DATASET EXTRACT below:
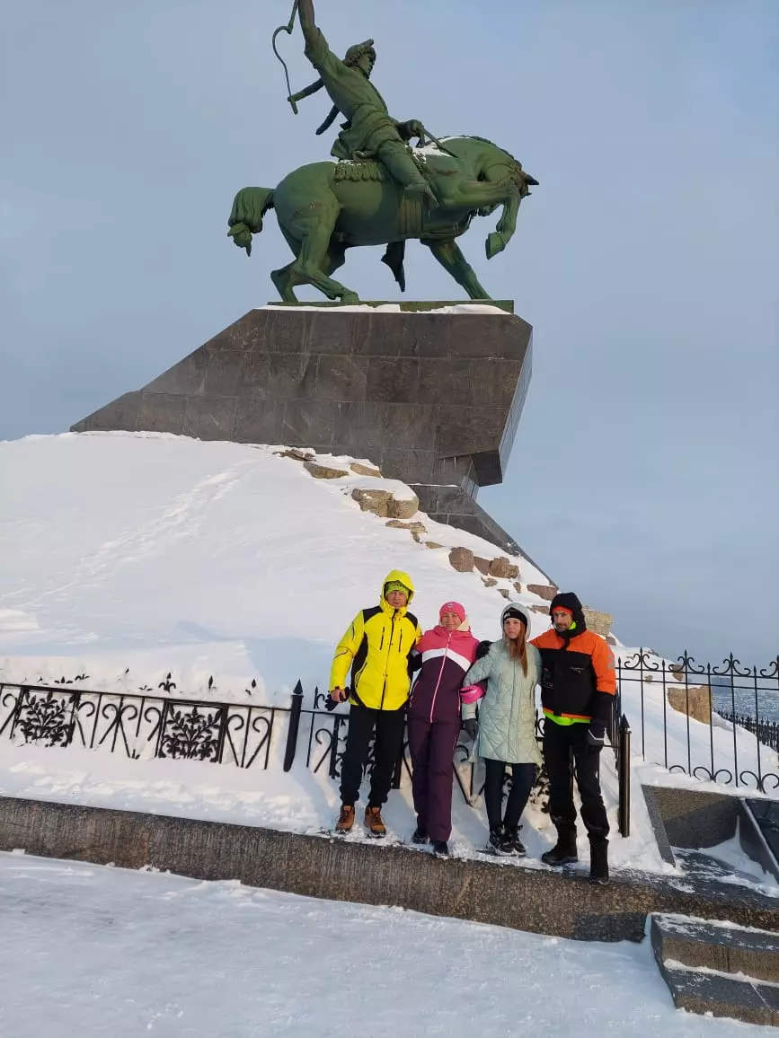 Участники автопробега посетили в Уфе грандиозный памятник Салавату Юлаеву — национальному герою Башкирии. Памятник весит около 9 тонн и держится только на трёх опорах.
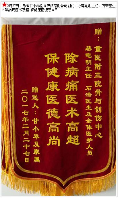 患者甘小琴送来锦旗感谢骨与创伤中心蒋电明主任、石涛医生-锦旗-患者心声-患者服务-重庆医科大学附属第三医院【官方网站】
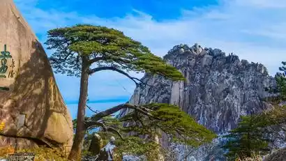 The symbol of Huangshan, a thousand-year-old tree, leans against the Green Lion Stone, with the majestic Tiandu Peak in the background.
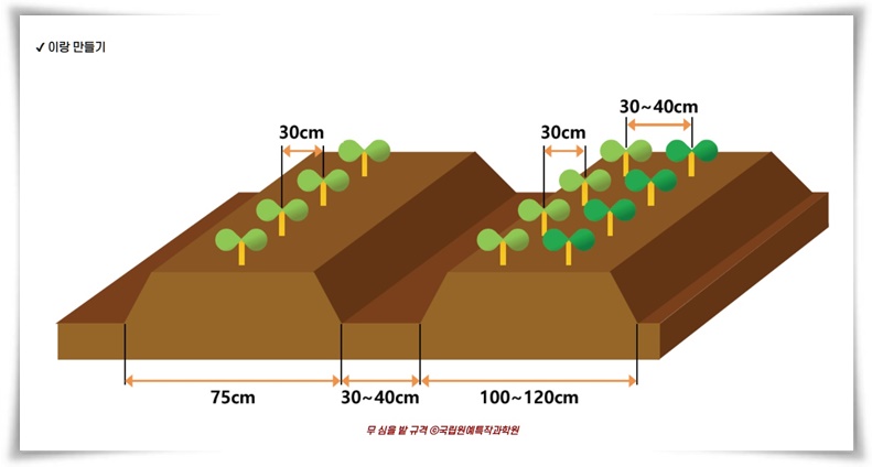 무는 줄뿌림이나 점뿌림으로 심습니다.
End of DATASET EXTRACT.
### PROBLEM DETAILS
Please print exactly the lines running from the line with "The symbol of" through the final line of the material, and nothing more. Keep pictures out.

### EXERCISE ANSWER
 The symbol of Huangshan, a thousand-year-old tree, leans against the Green Lion Stone, with the majestic Tiandu Peak in the background.
 무는 줄뿌림이나 점뿌림으로 심습니다.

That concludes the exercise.